Records supplied ->
======

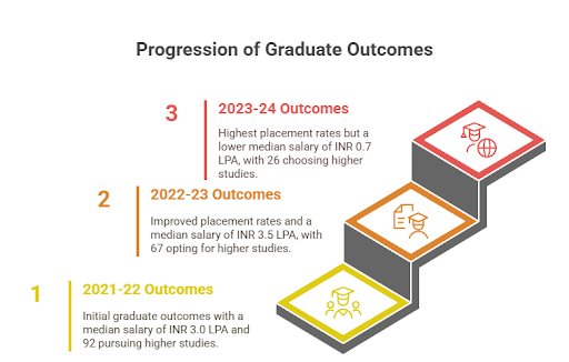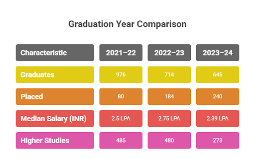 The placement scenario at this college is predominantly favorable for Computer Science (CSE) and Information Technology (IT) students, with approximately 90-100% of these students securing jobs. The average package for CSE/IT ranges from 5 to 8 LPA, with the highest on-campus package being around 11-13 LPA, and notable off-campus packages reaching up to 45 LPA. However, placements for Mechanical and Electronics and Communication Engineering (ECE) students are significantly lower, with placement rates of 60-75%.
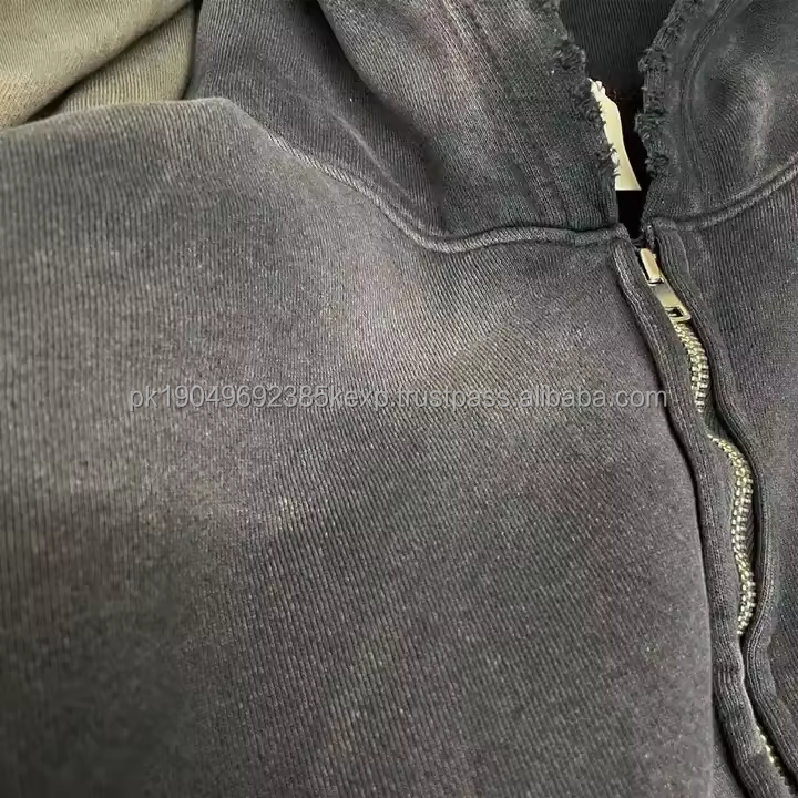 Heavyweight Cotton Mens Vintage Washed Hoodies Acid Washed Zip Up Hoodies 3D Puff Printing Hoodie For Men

======

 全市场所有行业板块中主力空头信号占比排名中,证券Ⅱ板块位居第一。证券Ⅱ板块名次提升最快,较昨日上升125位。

======

Task requirements ->
From the records above, give again only the part that opens with the line containing "The placement scenario" and closes with the line containing "Heavyweight Cotton Mens". Keep both ends but drop the pictures.

Solution to this problem ->
 The placement scenario at this college is predominantly favorable for Computer Science (CSE) and Information Technology (IT) students, with approximately 90-100% of these students securing jobs. The average package for CSE/IT ranges from 5 to 8 LPA, with the highest on-campus package being around 11-13 LPA, and notable off-campus packages reaching up to 45 LPA. However, placements for Mechanical and Electronics and Communication Engineering (ECE) students are significantly lower, with placement rates of 60-75%.
 Heavyweight Cotton Mens Vintage Washed Hoodies Acid Washed Zip Up Hoodies 3D Puff Printing Hoodie For Men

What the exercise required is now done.